To serialize a catalog, use the catalog.Serialize() method.
std::string pickle = catalog.Serialize();
To unserialize, send the resulting string into the constructor
FilterCatalog catalog(pickle);
The underlying matchers can be arbitrarily complicated and new
ones with more complicated semantics can be created. The default
matching objects are:
SmartsMatcher - match a smarts pattern or query molecule with a minimum and maximum count
ExclusionList - returns false if any of the supplied matches exist
And - combine two matchers
Or - true if any of two matchers are true
Not - invert the match (note that this can have confusing semantics
when dealing with substructure matches)
Entries can be added at any time to a catalog:
ExclusionList excludedList;
excludedList.addPattern(SmartsMatcher("Pattern 1", smarts));
excludedList.addPattern(SmartsMatcher("Pattern 2", smarts2));
A FilterCatalog supports a few different types of matching. One is
a traditional rejection filter where if a substructure exists in
the target molecule, the molecule is rejected.
These types of queries can indicate the substructure that triggered
the rejection through the FilterCatalogEntry::GetMatch(mol)
function.
The FilterCatalog also supports acceptance filters, that are
designed to indicate which molecules are ok.
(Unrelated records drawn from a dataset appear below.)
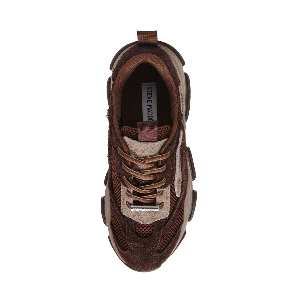 Contemporary chunky trainers merge mesh panels with smooth overlays for a bold statement. The Steve Madden Possession trainers feature a distinctive platform sole with chevron-patterned grip, delivering both attitude and practicality. A breathable mesh construction pairs with traditional lacing, while the padded collar ensures lasting comfort throughout wear. The chunky sole unit creates a strong silhouette that pairs perfectly with casual outfits.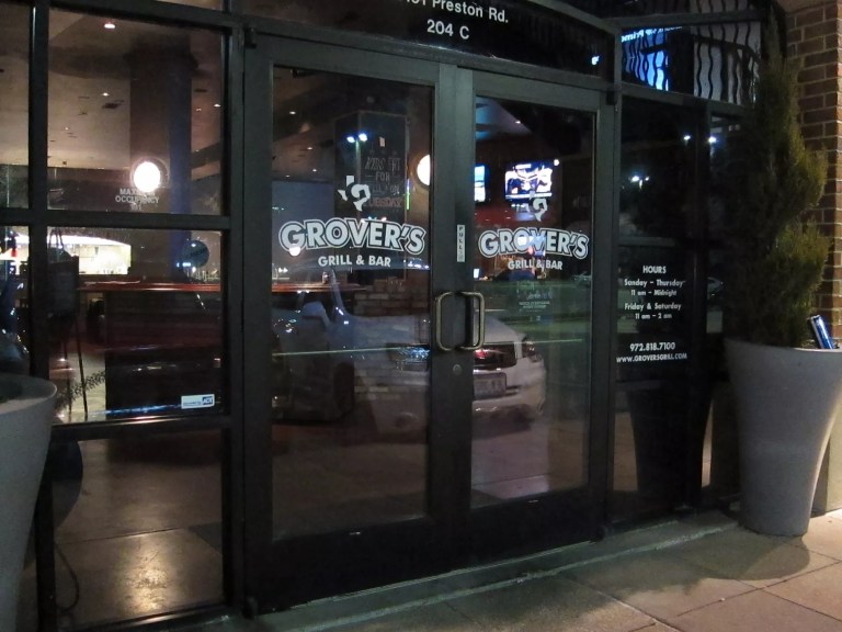Searching for a bar north of Addison won’t yield too many results. But, should you find yourself near Preston and Frankfurt, Grover’s has all the staples of the neighborhood bars to the south. The space is warm, with a stained concrete floor and an exposed red-brick wall. The stone bar sits high and looks up to several flat-screen televisions. The air in the adjacent music venue room lingers with the smell of the neighboring cigar shop’s wares, and the stage overlooks plush red couches and cocktail tables where patrons lounge while cover bands perform.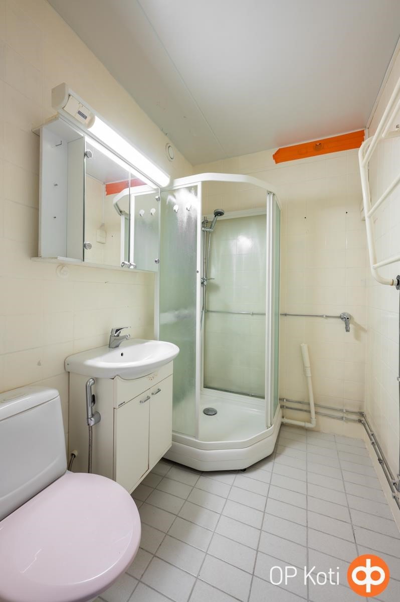- Kylpyhuone, suihku, suihkukaappi, allaskaappi, pesukoneliitäntä, kiinteät valaisimet.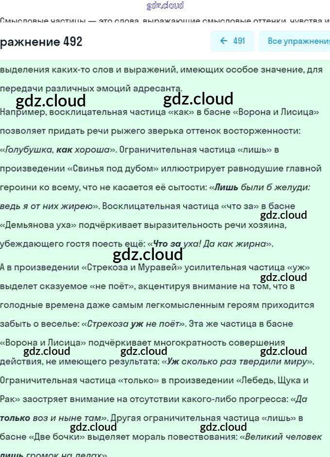 Ответ на задание 492 Учебник Русский язык за 7 (седьмой) класс Рыбченкова, Александрова, Загоровская, Нарушевич, Вакурова 2016, 2019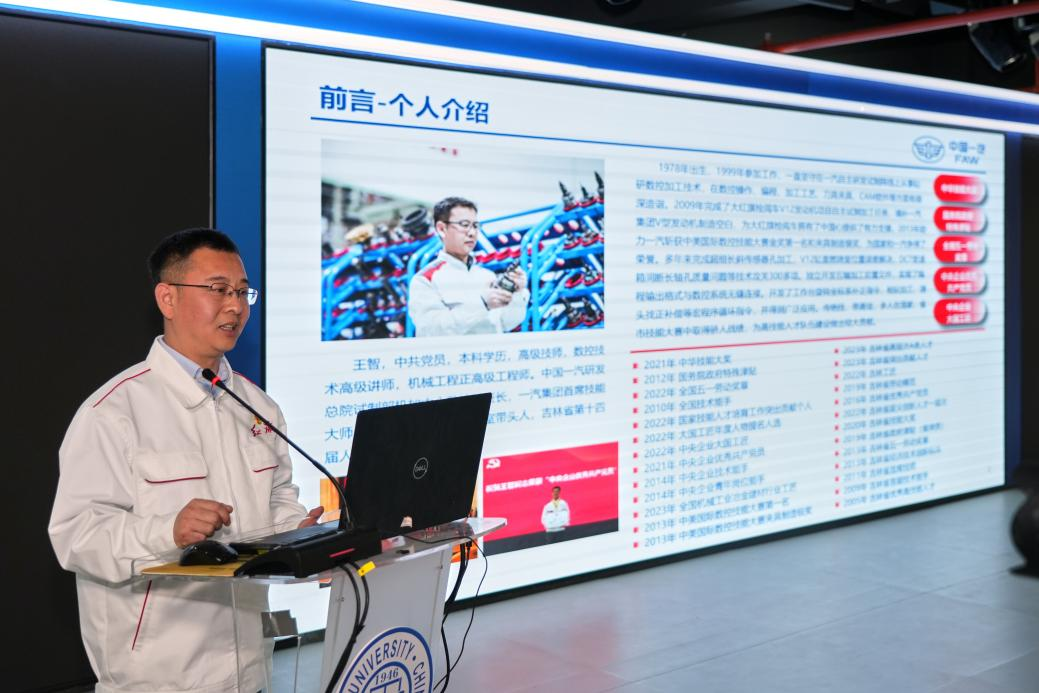 会上,王智老师深情回顾了自己的成长历程。从技校毕业后进入中国一汽研发总院工作,凭借对数控加工技术的热爱与执着,他从一名普通技工逐步成长为高级技师、正高级工程师。“技术没有捷径,唯有脚踏实地。”王智在报告中分享了自己如何通过不断学习和实践,攻克技术难关的亲身经历。他提到,在完成国内首款V型12缸发动机加工任务时,团队面临前所未有的挑战。通过反复试验和创新工艺,最终成功为红旗车装上了中国“心”。
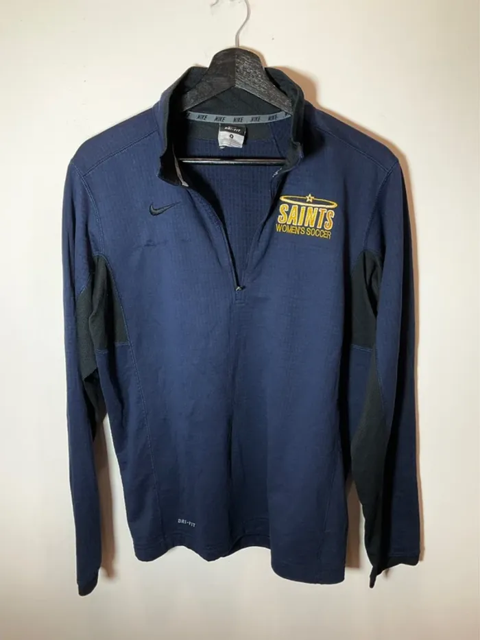 Taille S Bon état (retouche sous le logo Nike, légère tâche en bas du Sweat) voir photos Sweat long 1/4zip bleu marine pour homme Nike Saints Women Soccer Sweat léger mais chaud et plutôt prêt du corps Dri fit La fermeture éclair fonctionne parfaitement Logos brodés Composition : polyester Aisselle à aisselle : 53cm Épaule à épaule : 42cm Manches : 64cm Longueur : 70cm Dimensions également présentes en photo Vêtement lavé et repassé Envoi rapide et soigné #fitness #vintage #tendance #style #saison #mode #sport #sportswear #classicstyle #classic #classique #homme #men #man #hombre #uomo #mann #hommes #pull #nike #streetwear #football #oldschool #lifestyle #training #usa #highschool #universite #college #academy #university #running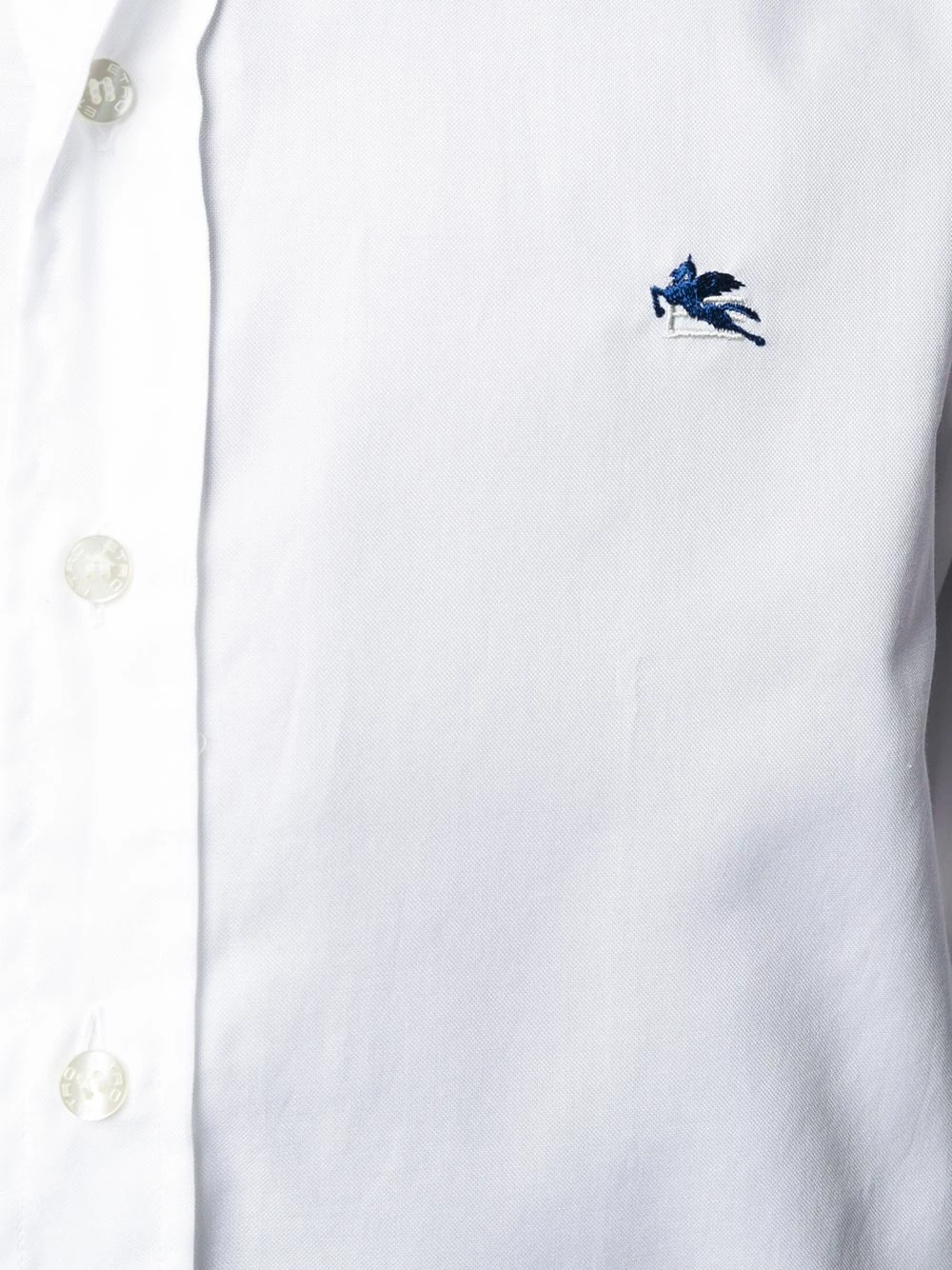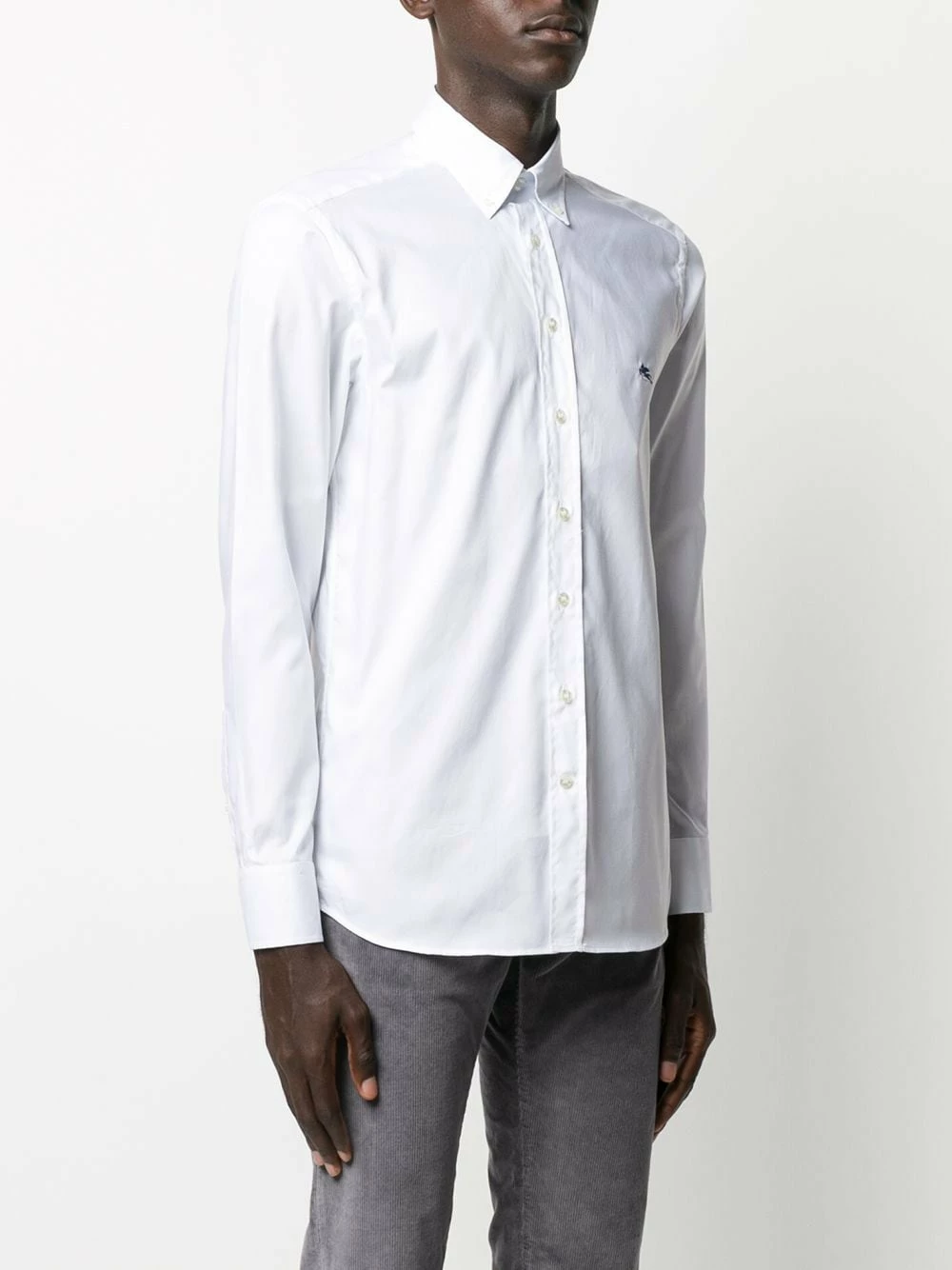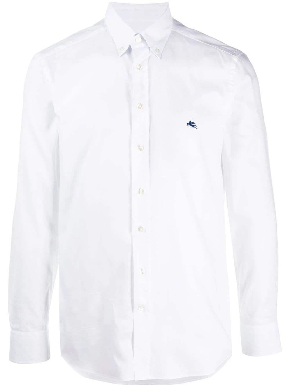 Logo brodée sur la poitrine, col pointu, manches à poignets boutonnés, ourlet incurvé, boutonnière sur le devant. Couleur : blanc. Matière : coton.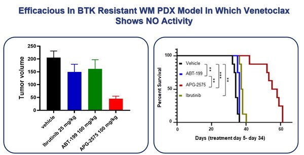 同时,杨大俊博士还指出,临床前数据显示,APG-2575在BTK耐药、Venetoclax 无效的WM PDX模型中显示良好的抑制肿瘤效果(见图3)。这为APG-2575临床适应症的进一步探索提供了基础,显示较大潜力。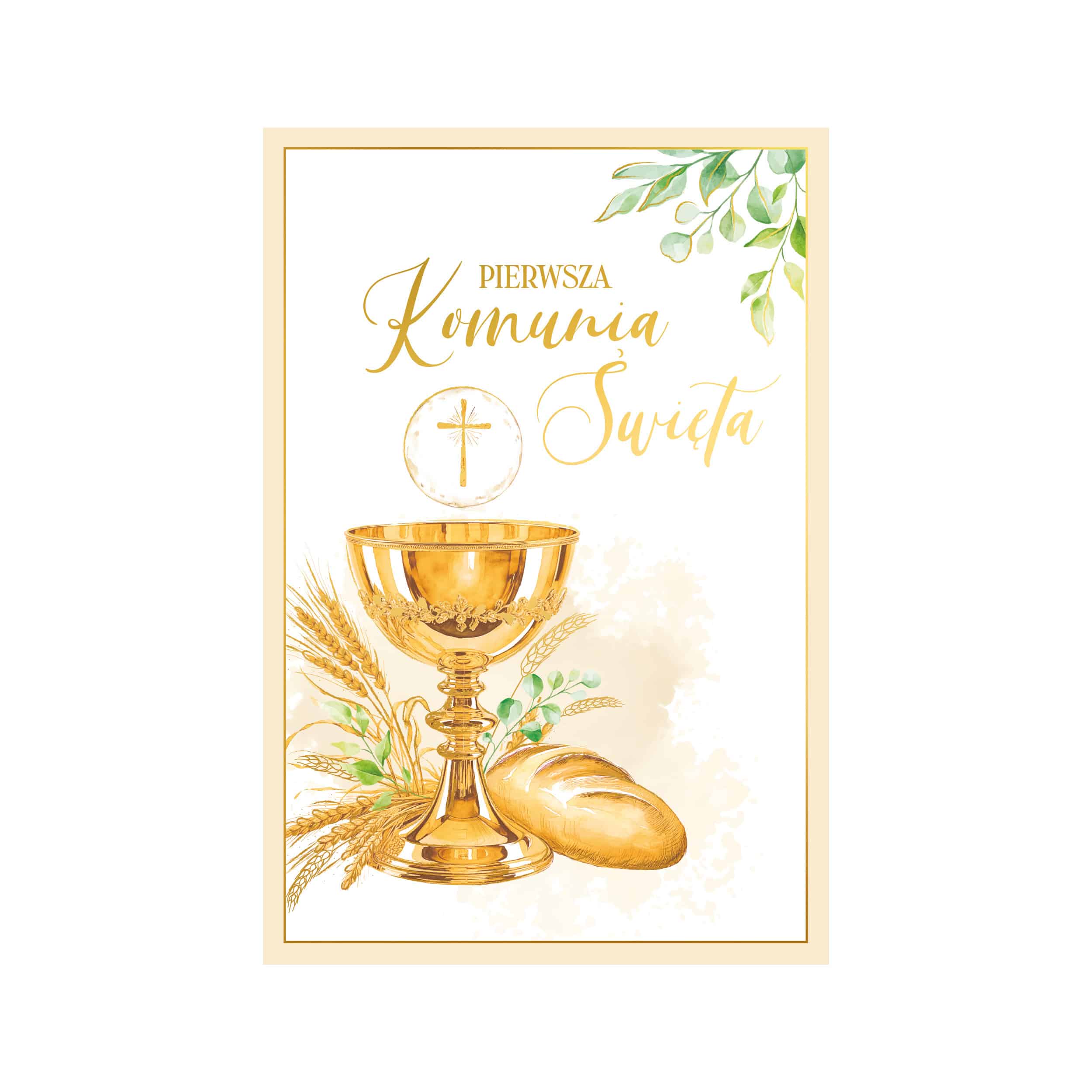Kartka B6 wykonana z najwyższą starannością, stanowi połączenie nowoczesnego wzornictwa z elegancją, dzięki czemu jest doskonałym wyborem na przyjęcie I Komunii Świętej. Zaprojektowana w stylu akwarelowego obrazu, zachwyca połączeniem złocenia z delikatną ilustracją.

These have
to be transformed into rejection filters or simply wrapped in a Not( acceptanceFilter )
when entered into the catalog. For example, from Zinc:
carbons [#6] 40
means that we have a maximum of 40 carbon atoms. We can write this by
converting the max count to a min count (i.e. the pattern is triggered
when the molecule has mincount atoms);
const unsigned int minCount = 40+1;
SmartsMatcher( "Too many carbons", "[#6"], minCount );
This can be properly substructure searched.
Or we can wrap this in a not:
const unsigned int minCount = 0;
const unsigned int maxCount = 40;
Not( SmartsMatcher( "ok number of carbons", "[#6]", minCount, maxCount) );
Note: Wrapping in a Not loses the ability to highlight the rejecting
pattern when visualizing the molecule.